-- Recorded information follows --

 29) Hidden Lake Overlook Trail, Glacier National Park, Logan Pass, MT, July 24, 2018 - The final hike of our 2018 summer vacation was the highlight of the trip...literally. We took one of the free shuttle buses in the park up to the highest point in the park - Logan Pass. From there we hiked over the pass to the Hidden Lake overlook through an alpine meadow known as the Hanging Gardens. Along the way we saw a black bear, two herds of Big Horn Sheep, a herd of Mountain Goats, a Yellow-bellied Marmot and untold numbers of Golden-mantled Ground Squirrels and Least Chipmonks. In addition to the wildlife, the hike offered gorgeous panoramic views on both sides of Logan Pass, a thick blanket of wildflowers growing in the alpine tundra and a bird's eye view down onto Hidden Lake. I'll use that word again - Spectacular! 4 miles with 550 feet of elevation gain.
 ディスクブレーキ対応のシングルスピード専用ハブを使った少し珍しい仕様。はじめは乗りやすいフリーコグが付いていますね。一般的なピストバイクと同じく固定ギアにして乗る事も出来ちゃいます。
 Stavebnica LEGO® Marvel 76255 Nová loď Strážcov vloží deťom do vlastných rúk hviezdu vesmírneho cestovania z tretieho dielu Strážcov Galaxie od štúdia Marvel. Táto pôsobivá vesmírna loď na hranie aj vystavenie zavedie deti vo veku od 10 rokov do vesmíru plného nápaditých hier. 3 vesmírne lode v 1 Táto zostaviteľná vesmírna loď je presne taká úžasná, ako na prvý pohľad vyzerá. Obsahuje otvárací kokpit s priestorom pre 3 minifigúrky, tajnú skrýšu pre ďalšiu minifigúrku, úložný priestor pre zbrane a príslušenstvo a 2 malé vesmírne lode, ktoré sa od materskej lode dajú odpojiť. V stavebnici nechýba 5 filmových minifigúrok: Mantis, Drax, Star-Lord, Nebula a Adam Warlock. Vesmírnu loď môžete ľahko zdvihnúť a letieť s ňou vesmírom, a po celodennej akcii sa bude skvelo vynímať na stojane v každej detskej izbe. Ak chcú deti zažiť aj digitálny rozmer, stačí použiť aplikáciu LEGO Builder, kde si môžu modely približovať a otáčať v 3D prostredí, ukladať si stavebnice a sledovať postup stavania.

-- Recorded information concluded --
-- Recorded information follows --

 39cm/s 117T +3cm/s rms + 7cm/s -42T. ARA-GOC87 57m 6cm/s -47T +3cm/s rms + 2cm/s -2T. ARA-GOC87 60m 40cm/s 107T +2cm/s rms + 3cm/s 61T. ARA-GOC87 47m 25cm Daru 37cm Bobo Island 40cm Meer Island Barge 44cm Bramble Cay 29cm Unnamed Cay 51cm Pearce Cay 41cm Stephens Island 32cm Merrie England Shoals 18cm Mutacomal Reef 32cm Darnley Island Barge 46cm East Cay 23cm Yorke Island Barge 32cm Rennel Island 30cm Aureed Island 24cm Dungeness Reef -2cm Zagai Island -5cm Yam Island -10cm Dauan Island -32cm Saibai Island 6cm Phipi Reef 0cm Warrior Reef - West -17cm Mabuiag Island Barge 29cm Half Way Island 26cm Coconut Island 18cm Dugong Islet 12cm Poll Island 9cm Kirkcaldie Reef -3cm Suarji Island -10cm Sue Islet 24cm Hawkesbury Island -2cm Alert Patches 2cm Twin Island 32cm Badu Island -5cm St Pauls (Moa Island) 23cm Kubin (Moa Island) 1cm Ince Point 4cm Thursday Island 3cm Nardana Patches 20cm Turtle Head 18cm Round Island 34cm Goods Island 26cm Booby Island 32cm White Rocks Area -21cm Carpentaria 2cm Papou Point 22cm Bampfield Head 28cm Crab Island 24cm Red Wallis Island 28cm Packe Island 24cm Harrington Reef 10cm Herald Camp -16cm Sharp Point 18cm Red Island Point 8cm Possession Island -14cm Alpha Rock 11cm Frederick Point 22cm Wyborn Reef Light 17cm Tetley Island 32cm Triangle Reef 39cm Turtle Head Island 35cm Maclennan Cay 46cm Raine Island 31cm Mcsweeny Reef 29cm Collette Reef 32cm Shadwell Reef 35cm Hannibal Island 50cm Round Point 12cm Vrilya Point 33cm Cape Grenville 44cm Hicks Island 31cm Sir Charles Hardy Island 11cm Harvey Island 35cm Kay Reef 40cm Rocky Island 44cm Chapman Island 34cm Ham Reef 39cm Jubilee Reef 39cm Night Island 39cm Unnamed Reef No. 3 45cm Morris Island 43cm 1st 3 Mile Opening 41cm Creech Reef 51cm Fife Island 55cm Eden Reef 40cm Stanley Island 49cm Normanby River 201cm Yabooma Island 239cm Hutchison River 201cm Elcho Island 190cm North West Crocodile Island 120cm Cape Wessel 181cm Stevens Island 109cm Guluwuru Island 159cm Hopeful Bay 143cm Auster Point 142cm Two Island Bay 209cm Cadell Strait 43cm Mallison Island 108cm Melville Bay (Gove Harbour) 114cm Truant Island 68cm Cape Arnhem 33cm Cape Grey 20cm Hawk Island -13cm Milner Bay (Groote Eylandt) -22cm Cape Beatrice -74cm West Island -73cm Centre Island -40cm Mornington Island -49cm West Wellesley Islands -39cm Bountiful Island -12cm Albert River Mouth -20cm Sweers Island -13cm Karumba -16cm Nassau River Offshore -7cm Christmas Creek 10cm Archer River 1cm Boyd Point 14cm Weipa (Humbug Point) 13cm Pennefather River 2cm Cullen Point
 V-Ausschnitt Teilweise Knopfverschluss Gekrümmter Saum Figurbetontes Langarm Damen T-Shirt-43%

-- Recorded information concluded --

How to complete this task
Could you repeat exactly the lines in the listing above from the one with "29) Hidden Lake" down to the one with "ディスクブレーキ対応のシング"? Include both of those lines.

Response below
 29) Hidden Lake Overlook Trail, Glacier National Park, Logan Pass, MT, July 24, 2018 - The final hike of our 2018 summer vacation was the highlight of the trip...literally. We took one of the free shuttle buses in the park up to the highest point in the park - Logan Pass. From there we hiked over the pass to the Hidden Lake overlook through an alpine meadow known as the Hanging Gardens. Along the way we saw a black bear, two herds of Big Horn Sheep, a herd of Mountain Goats, a Yellow-bellied Marmot and untold numbers of Golden-mantled Ground Squirrels and Least Chipmonks. In addition to the wildlife, the hike offered gorgeous panoramic views on both sides of Logan Pass, a thick blanket of wildflowers growing in the alpine tundra and a bird's eye view down onto Hidden Lake. I'll use that word again - Spectacular! 4 miles with 550 feet of elevation gain.
 ディスクブレーキ対応のシングルスピード専用ハブを使った少し珍しい仕様。はじめは乗りやすいフリーコグが付いていますね。一般的なピストバイクと同じく固定ギアにして乗る事も出来ちゃいます。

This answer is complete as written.